Can't tell you how glad I was to get rid of this timeshare...


----------



## beachbarbie (Jul 20, 2007)

*re: No Luck*

I just tried AltaK and was blacklisted from this one also....

Barb


----------



## joycapecod (Jul 20, 2007)

after reading this thread I tried to email Durban Sands using this email address: altak@firstresorts.co.za. that was around 7 AM this morning and thus far it has not come back.
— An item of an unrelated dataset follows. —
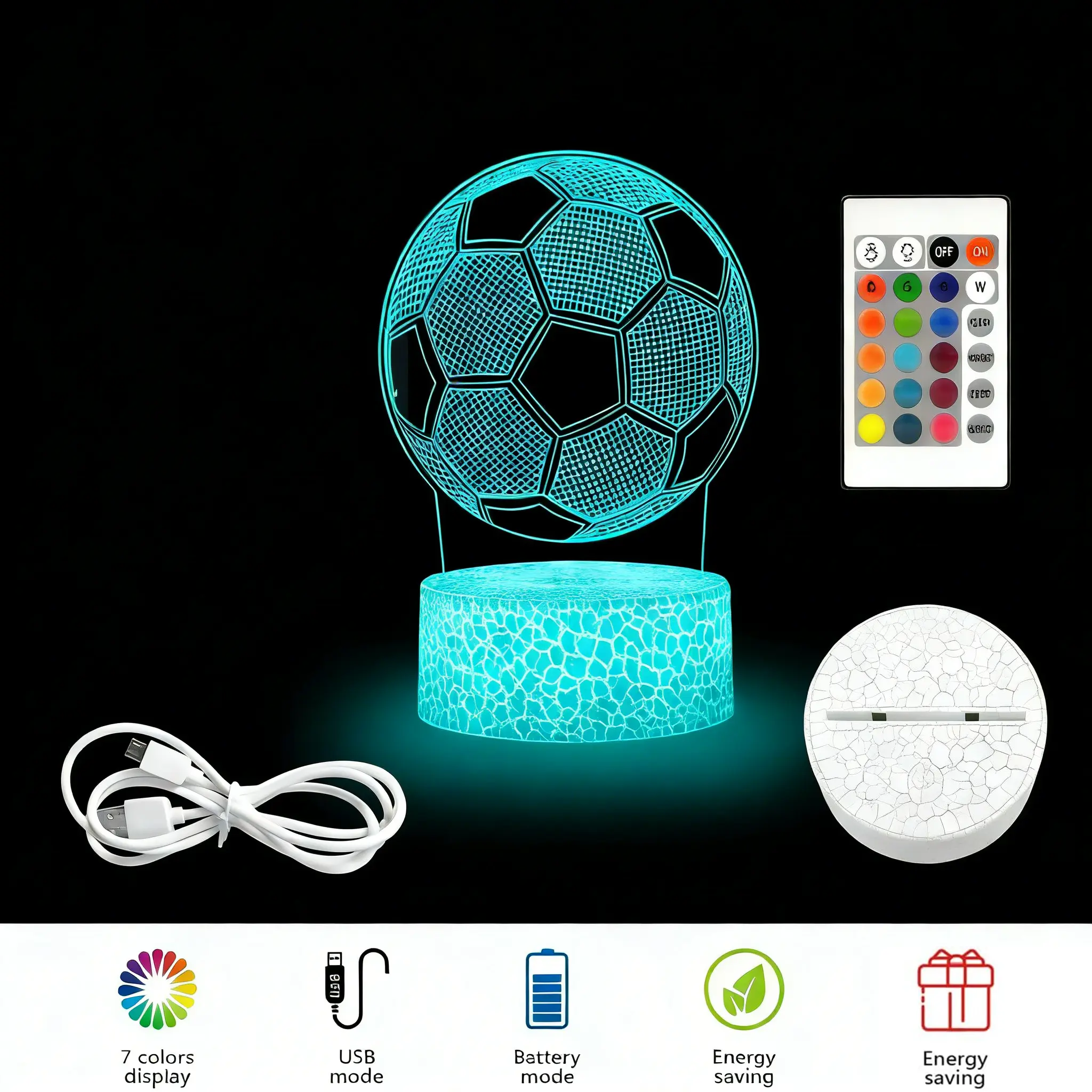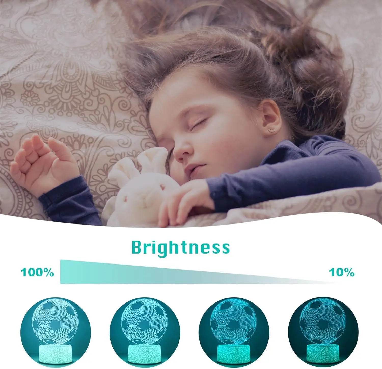 This lamp features a soccer 3D illusion design, perfect for kids' bedrooms. It creates a fun and engaging atmosphere. The lamp is ideal for boys, girls, and kids. It will surely bring joy and excitement. 🏆

I use Verizon broadband with AOL address.

I'm wondering what's up with all the problems you are having???


----------



## JimJ (Jul 20, 2007)

The RCI on-line directory shows dbnsands@global.co.za as a contact address.

There is also a link to First Resorts on the Durban Sands page .  Going there shows  info@firstresorts.co.za as a contact address.


----------



## beachbarbie (Jul 20, 2007)

Jim,
   I tried the two you suggested and was blacklisted from these also.  Is there someone who could try for me that can get through???   Thanks...Barb


----------



## JimJ (Jul 20, 2007)

Try contacting thespecialists@rci.co.za and see if they can provide any guidance.


----------



## Dori (Jul 20, 2007)

I've had this problem in the past, in attempting to pay my MF's at Lowveld Lodge.  Sometimes I get through and sometimes I don't.  It makes no sense at all.  I just paid my 2009 fees, with no trouble, but when I tried to contact them, as RCI said I must, in order to deposit this week, now I cannot get through.  Last year, same thing.  I contacted Marli Dorfling at RCI ( mdorfling@rci.co.za), but no luck so far.  Very frustrating!

  Good luck!

Dori


----------



## LisaH (Jul 21, 2007)

I emailed Marli Dorfling (mdorfling@rci.co.za) as recent as July 3rd this month and got responses immediately. I was using my yahoo account. It is strange that some of us had no problem at all but others do...


----------



## beachbarbie (Jul 21, 2007)

I just tried calling the resort this morning EARLY with the help from the Tuggers....How do you call SA thread....and getting a phone card from the suggested list worked.  I was able to get through  to the resort...no problem...EXCEPT....that they don't answer their phone on weekends...lol  I just got a voicemail message with the hours between Monday and Friday.  So I will call again EARLY Monday morning  and pay my fees and also let them know about the problem that they have and try and find out an email address that will work for us  "blacklisters".  I will let you know what comes of it...Barb


----------



## Carolinian (Jul 23, 2007)

Oh, the pleasures of dealing with the Bullfrog and his Club Leisure Group (CLG)!


----------



## Dori (Jul 24, 2007)

I was "blacklisted" from First Resorts as well.  The funny thing is that I was able to send a few messages to simones@firstresorts.co.za, to pay my 2009 MF's, and then suddenly, wham! can't get a message to her.

I contacted mdorfling@rci.co.za, and she is looking after depositing my week.  

I explained to her the problems we are encountering, and perhaps she will check into it for us.

Dori


----------



## Twhelan2000 (Jul 24, 2007)

I had same problem -try a different email addresss


----------



## tome64 (Jul 28, 2007)

I finally got thru to DS by using a different computer.  Switching Email accounts did not work.  I had no issues with DS, was all paid up and was merely asking for an estimate on 2008 levy fees.
The response came from Ina Taljaard, inat@firstresorts.co.za, but she didn't
mention anything about the blacklist problem.
BTW, if your interested, the 2008 levy is 1545R (white) and 1812 R (Red).


----------